From 66053b6bfbc27a6e281655ebca8f2abbee730135 Mon Sep 17 00:00:00 2001
From: Erik Johnston <erik@matrix.org>
Date: Tue, 5 Apr 2022 14:26:41 +0100
Subject: Prefill more stream change caches. (#12372)

---
 synapse/storage/database.py | 43 +++++++++++++++++++++++++++----------------
 1 file changed, 27 insertions(+), 16 deletions(-)

(limited to 'synapse/storage/database.py')

diff --git a/synapse/storage/database.py b/synapse/storage/database.py
index 0264dea61d..12750d9b89 100644
--- a/synapse/storage/database.py
+++ b/synapse/storage/database.py
@@ -2030,29 +2030,40 @@ class DatabasePool:
         max_value: int,
         limit: int = 100000,
     ) -> Tuple[Dict[Any, int], int]:
-        # Fetch a mapping of room_id -> max stream position for "recent" rooms.
-        # It doesn't really matter how many we get, the StreamChangeCache will
-        # do the right thing to ensure it respects the max size of cache.
-        sql = (
-            "SELECT %(entity)s, MAX(%(stream)s) FROM %(table)s"
-            " WHERE %(stream)s > ? - %(limit)s"

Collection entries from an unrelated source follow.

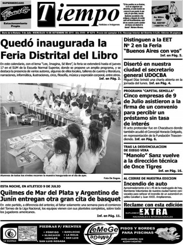 Edición impresa del día miércoles 9 de septiembre de 2015
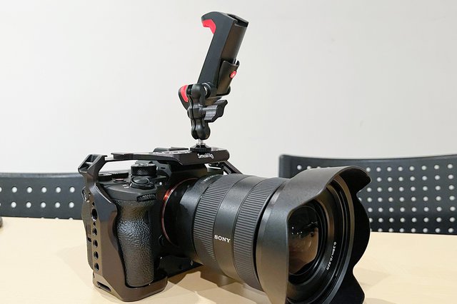 α7S IIIにケージを装着し、アームとクランプを使ってXperia PROを固定する
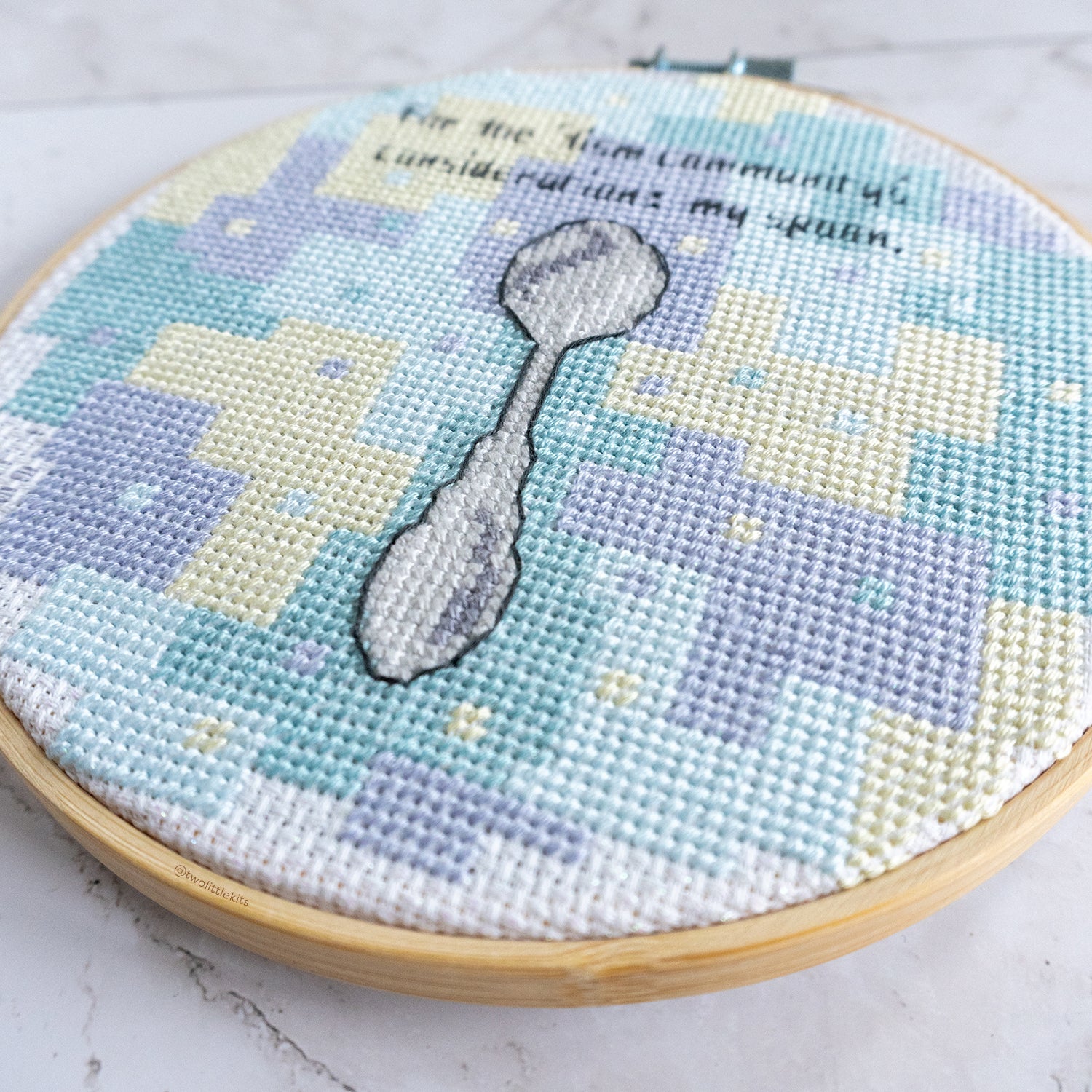 While it's mostly a playful tribute to the first meaning -that sense of comfort in the familiar and "just right"- it also quietly touches on Spoon Theory, the metaphor for managing limited energy and care. Together, it's a small but powerful mix of humour, solidarity, and self-awareness — ideal for any stitcher who's ever had a favourite utensil or run out of spoons.
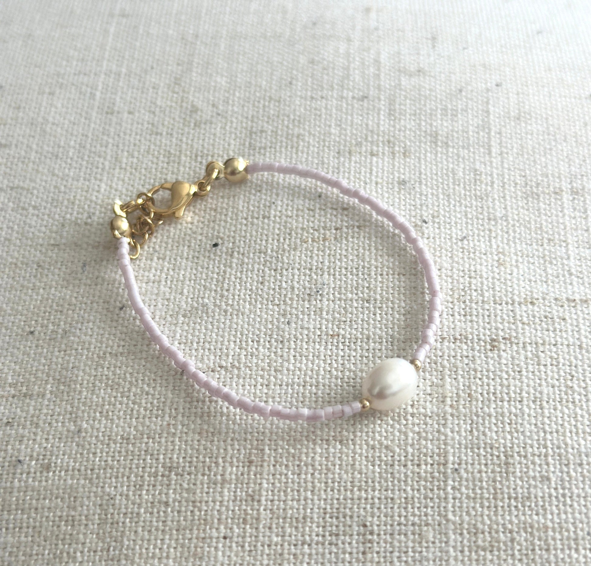 Beautiful Light Lylac Miyuki bracelet, hand made with a natural fresh water pearl
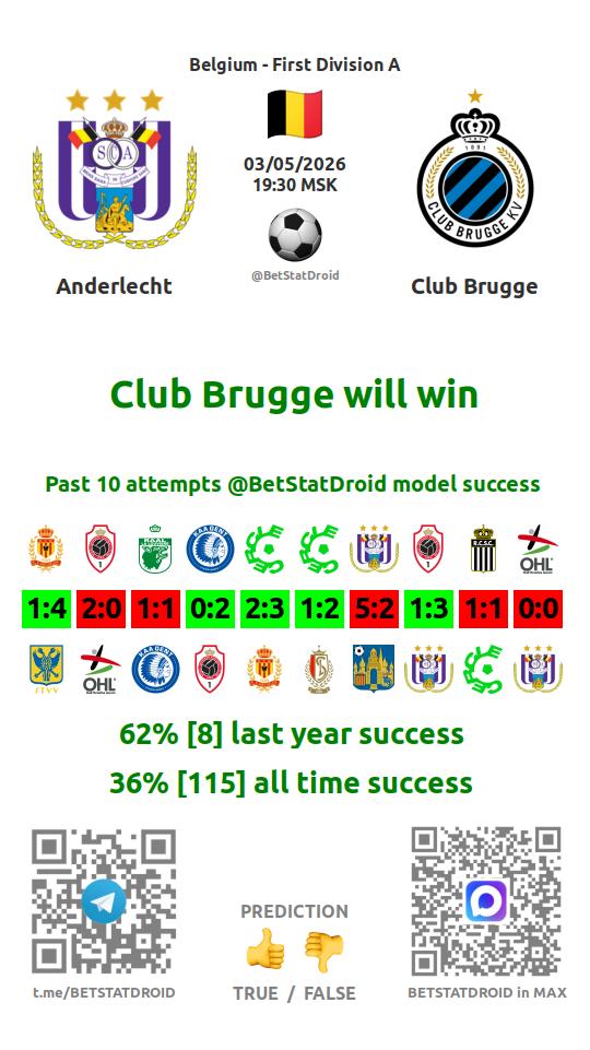 ✔ Андерлехт забивает меньше 2,5 голов в 25 матчах
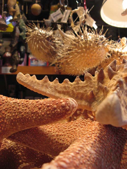 Starfish and Porcupinefish for sale at the Marine Specialties store:
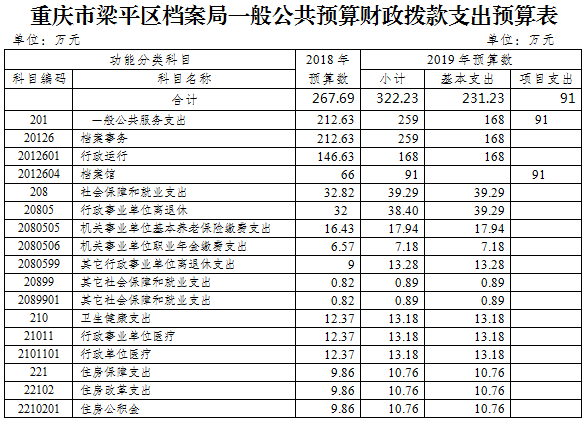 | 標(biāo)題 | 重慶市梁平區(qū)檔案局2019年部門預(yù)算情況說明 | ||
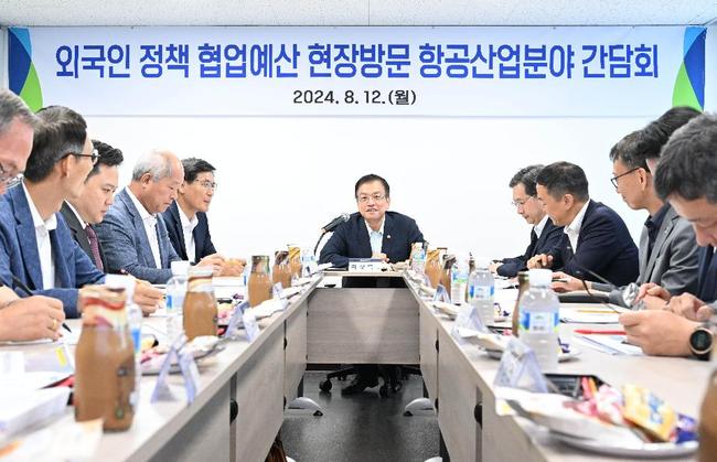 최상목 부총리 겸 기획재정부 장관이 8월 12일 오전 외국인 정책 협업예산 항공산업분야 관련 경남 사천 항공우주산업진흥협회(경남지부)를 방문, 항공업계 관계자들과 간담회를 하고 있다.
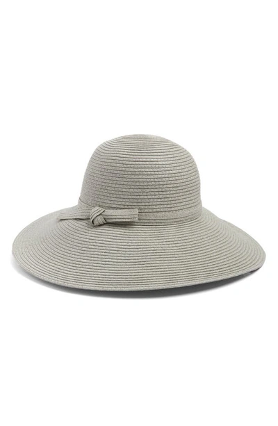 A matching band wraps the crown of this jetsetting floppy hat designed from flexible straw for easy packing.
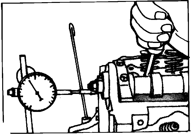 Fig. 3 Measuring camshaft thrust clearance on overhead cam engine. Typical:

-            " GROUP BY %(entity)s"
-        ) % {
-            "table": table,
-            "entity": entity_column,
-            "stream": stream_column,
-            "limit": limit,
-        }
+        """Gets roughly the last N changes in the given stream table as a
+        map from entity to the stream ID of the most recent change.
+
+        Also returns the minimum stream ID.
+        """
+
+        # This may return many rows for the same entity, but the `limit` is only
+        # a suggestion so we don't care that much.
+        #
+        # Note: Some stream tables can have multiple rows with the same stream
+        # ID. Instead of handling this with complicated SQL, we instead simply
+        # add one to the returned minimum stream ID to ensure correctness.
+        sql = f"""
+            SELECT {entity_column}, {stream_column}
+            FROM {table}
+            ORDER BY {stream_column} DESC
+            LIMIT ?
+        """
 
         txn = db_conn.cursor(txn_name="get_cache_dict")
-        txn.execute(sql, (int(max_value),))

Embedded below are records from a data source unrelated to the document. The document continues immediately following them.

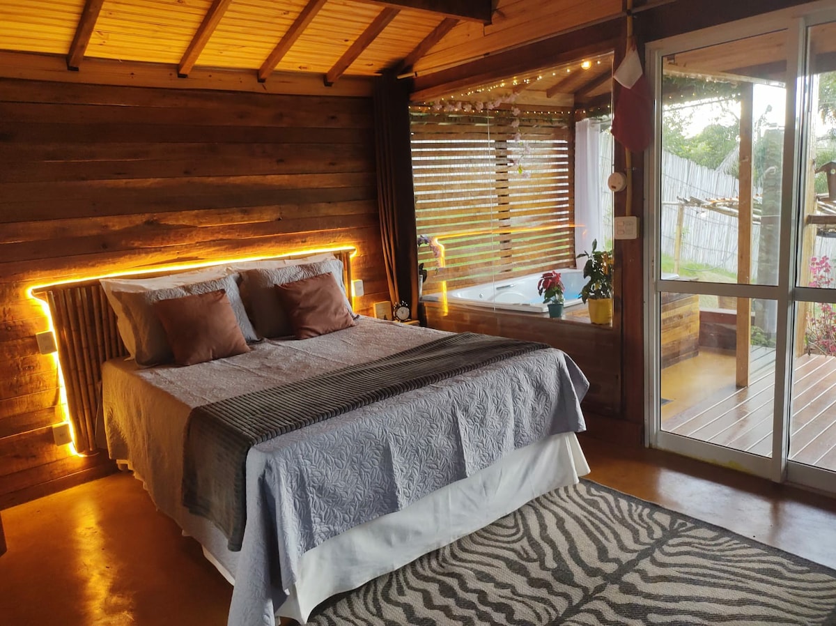 Riconnettiti con la natura in questo luogo indimenticabile. La capanna GK situata sulla tangenziale della foresta ha un ingresso affascinante e ogni comfort interno. Letto matrimoniale, camino, doppio idromassaggio, lenzuolo termico, TV 43", balcone con rete e con una vista meravigliosa e con tutta la sicurezza e tranquillità di 1 acro. Inaugurato il 26/04/22. Vedi anche altre 2 unità. Per coppie: https://www.airbnb.com/h/chalesperpetuanatureza e https://www.airbnb.com/h/cabanadentrodaflorestand. Accesso tutto con asfalto
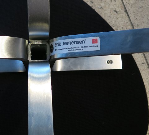 Poul Volther, skammel EJ 5 F til Corona hvilestol med stel af børstet stål, betrukket med sort, grovvævet stof. Skamlen fremstår velholdt. Fremstillet hos Erik Jørgensen.
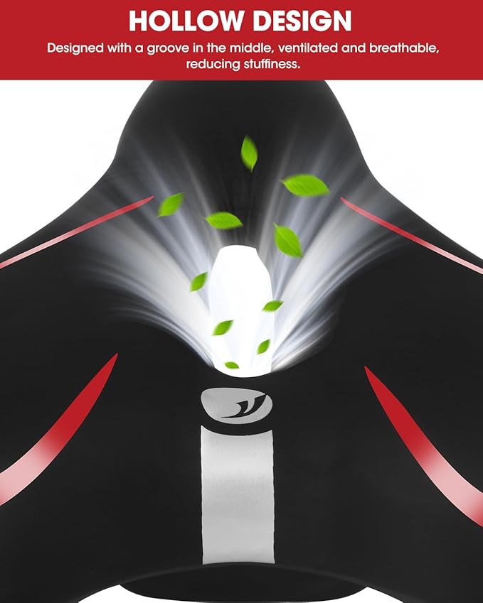 - 【Breathable Hollow Design】This bicycle saddle was designed with a groove in the middle, which can speed up the airflow, ventilated and breathable to reduce muggy feelings.
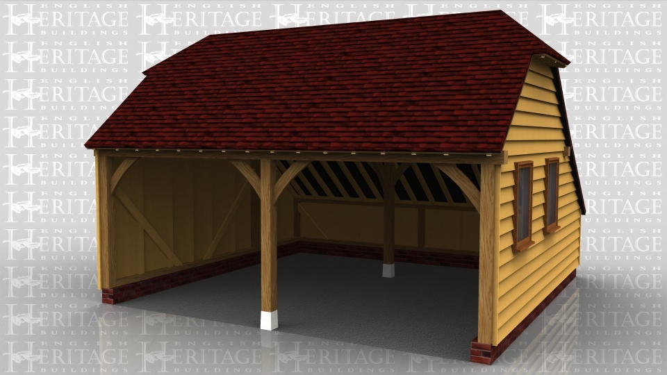 This oak framed two bay garage is open to the front. There is an enclosed store to the rear, and two large single pane windows to the right side.
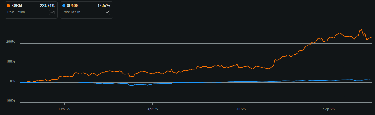 SSR Mining (SSRM) has been on an absolute tear this year. The stock is up more than 200% year to date, and that kind of move doesn’t go unnoticed. When a mid-tier miner suddenly becomes one of the best performers in the sector, I think it’s worth taking a step back to ask what’s really driving it — and whether there’s still room to run.
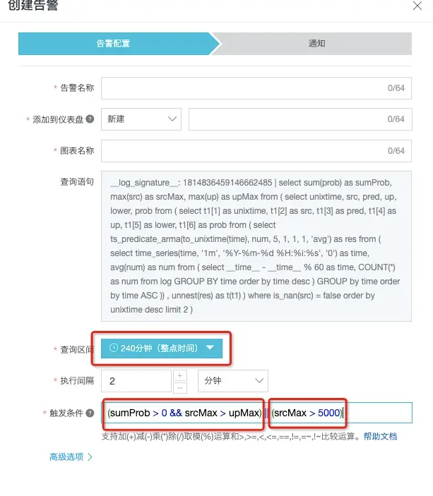 具体的告警设置如下:
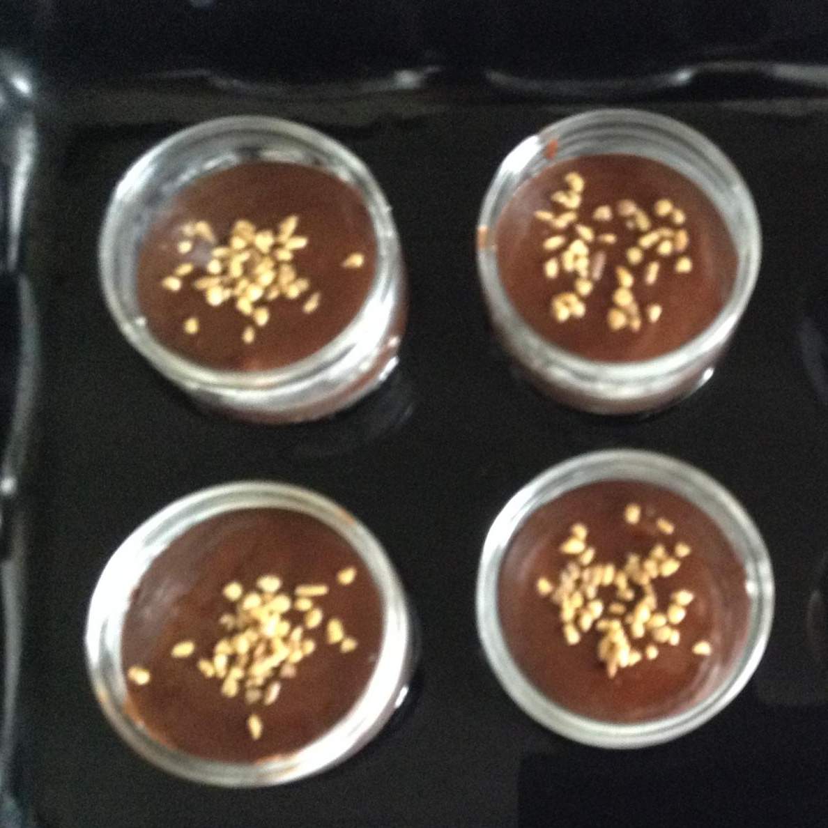 2.  Imburrare i stampini e versarci la  preparazione. Nel mezzo mettere il quadretto di cioccolato e ricoprire. In fine decorare  di noccioline a pezzi e infornare per 10 minuti in una teglia riempita con il bicchiere d'aqua.
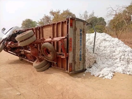 Un camion six roues chargé de coton a basculé sur le côté, déversant l’intégralité de sa cargaison d’« or blanc » sur la chaussée.
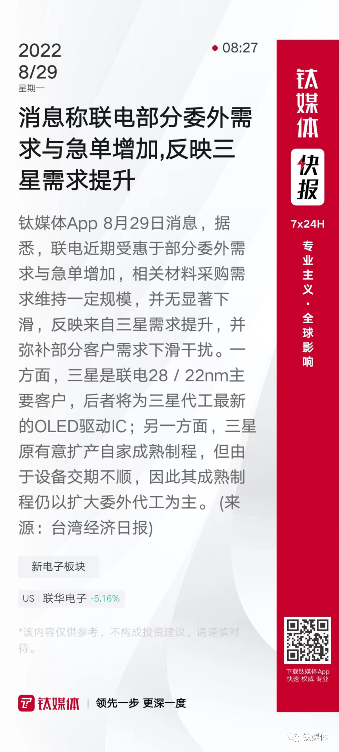 【消息称联电部分委外需求与急单增加,反映三星需求提升】

+        txn.execute(sql, (limit,))
 
-        cache = {row[0]: int(row[1]) for row in txn}
+        # The rows come out in reverse stream ID order, so we want to keep the
+        # stream ID of the first row for each entity.

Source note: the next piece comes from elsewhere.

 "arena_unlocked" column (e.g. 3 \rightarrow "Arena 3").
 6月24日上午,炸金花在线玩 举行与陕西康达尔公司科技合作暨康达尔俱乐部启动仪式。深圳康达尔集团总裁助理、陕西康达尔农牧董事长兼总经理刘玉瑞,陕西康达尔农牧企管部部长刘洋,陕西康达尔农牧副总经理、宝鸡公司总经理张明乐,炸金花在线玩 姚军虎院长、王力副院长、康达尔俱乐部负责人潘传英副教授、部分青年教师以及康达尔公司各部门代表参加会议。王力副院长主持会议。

+        cache: Dict[Any, int] = {}
+        for row in txn:
+            cache.setdefault(row[0], int(row[1]))
 
         txn.close()
 
         if cache:
-            min_val = min(cache.values())
+            # We add one here as we don't know if we have all rows for the
+            # minimum stream ID.
+            min_val = min(cache.values()) + 1
         else:
             min_val = max_value
 
-- 
cgit 1.4.1